Toshiba Corp. and Fujitsu Ltd. have entered final talks on integrating their personal computer operations, with Vaio Corp., spun off from Sony Corp., also planning to join.
The three firms are considering setting up a joint holding company with subsidiaries that operate their respective PC businesses.
For the time being, they will keep their brands alive: Toshiba’s Dynabook, Fujitsu’s FMV and Vaio. They believe it is better to keep the badges intact because the names have strong recognition in the Japanese market.
The integration will also see Toshiba, Fujitsu and Vaio revamping their production systems and ultimately exerting greater price pressure on component suppliers.
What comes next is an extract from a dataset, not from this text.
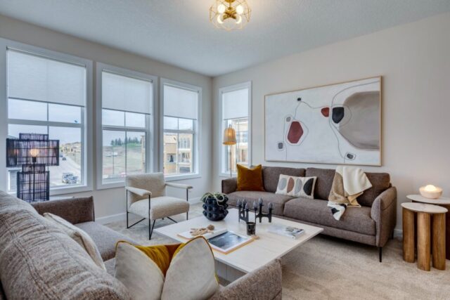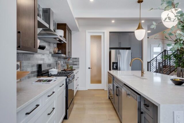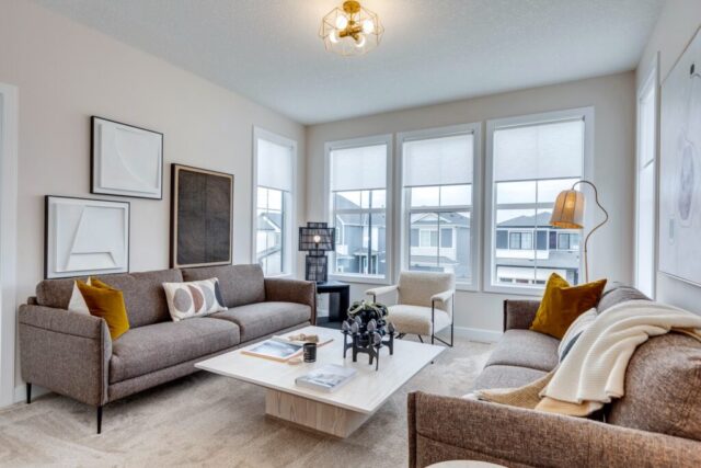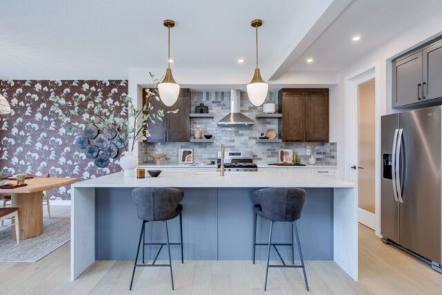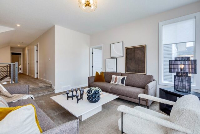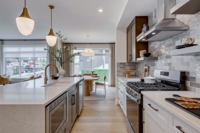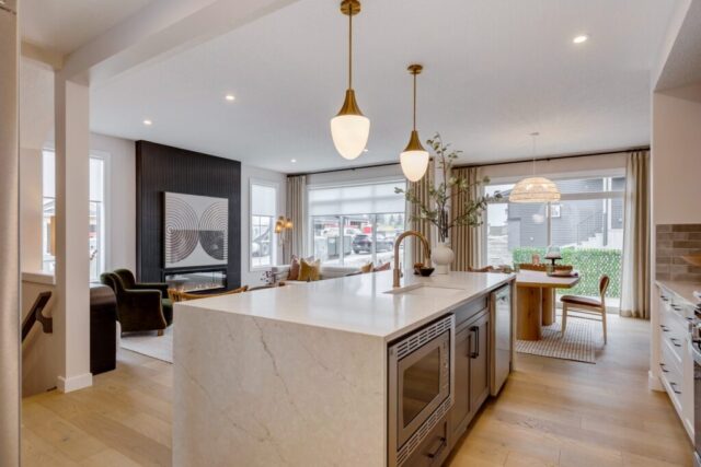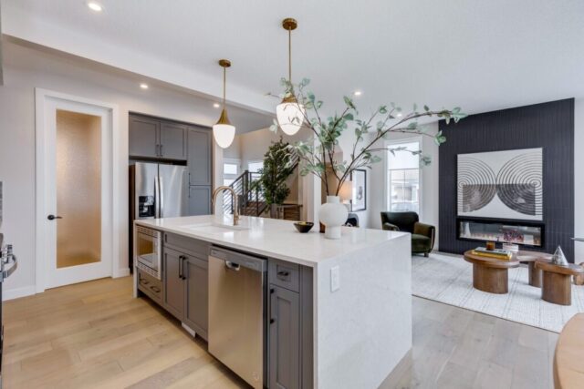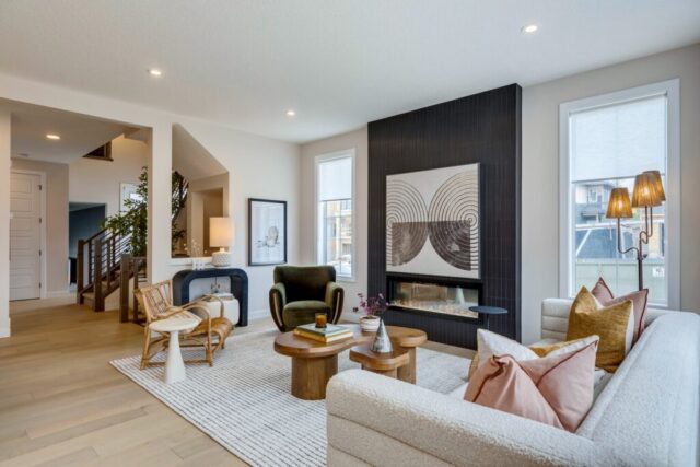 Our homes include high-quality finishings such as hardwood floors, quartz countertops, 8-foot doors on the main floor, 9-foot ceilings on the main floor, a stainless steel appliance package, upgraded lighting, and a fireplace. Each of our planned models are styled and finished individually by our team of designers.

They aim to reach an agreement by March 31, the end of fiscal 2015.
The trio would dethrone NEC Lenovo Japan Group from the top position in the Japanese PC market in terms of shipments.
Toshiba, which will spin off its PC business in April, is slated this month to specify how it will realign its PC and white-goods operations. Meanwhile Fujitsu spun off its PC operations this month.
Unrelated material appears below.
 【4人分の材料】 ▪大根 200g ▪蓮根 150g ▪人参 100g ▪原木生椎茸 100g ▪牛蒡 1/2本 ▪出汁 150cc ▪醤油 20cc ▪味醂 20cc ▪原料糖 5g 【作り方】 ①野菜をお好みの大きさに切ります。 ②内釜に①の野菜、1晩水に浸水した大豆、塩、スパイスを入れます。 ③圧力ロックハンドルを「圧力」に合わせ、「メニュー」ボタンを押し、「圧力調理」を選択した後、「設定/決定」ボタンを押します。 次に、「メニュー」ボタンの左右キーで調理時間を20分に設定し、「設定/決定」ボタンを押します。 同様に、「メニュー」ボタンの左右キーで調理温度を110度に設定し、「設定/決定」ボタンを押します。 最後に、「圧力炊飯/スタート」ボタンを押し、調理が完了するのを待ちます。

Both Toshiba and Fujitsu plan to keep their equity stakes in the planned new firm below 50 percent, as they hope to exclude their slumping PC businesses from their consolidated earnings structures.
Investment fund Japan Industrial Partners Inc., the parent of Vaio, is expected to take the initiative at the new company.
Toshiba, Fujitsu and Vaio had a combined domestic PC market share of 30.2 percent in the first half of fiscal 2015 in terms of shipments, higher than the 27.7 percent for NEC Lenovo Japan Group, according to MM Research Institute, a Tokyo-based think tank.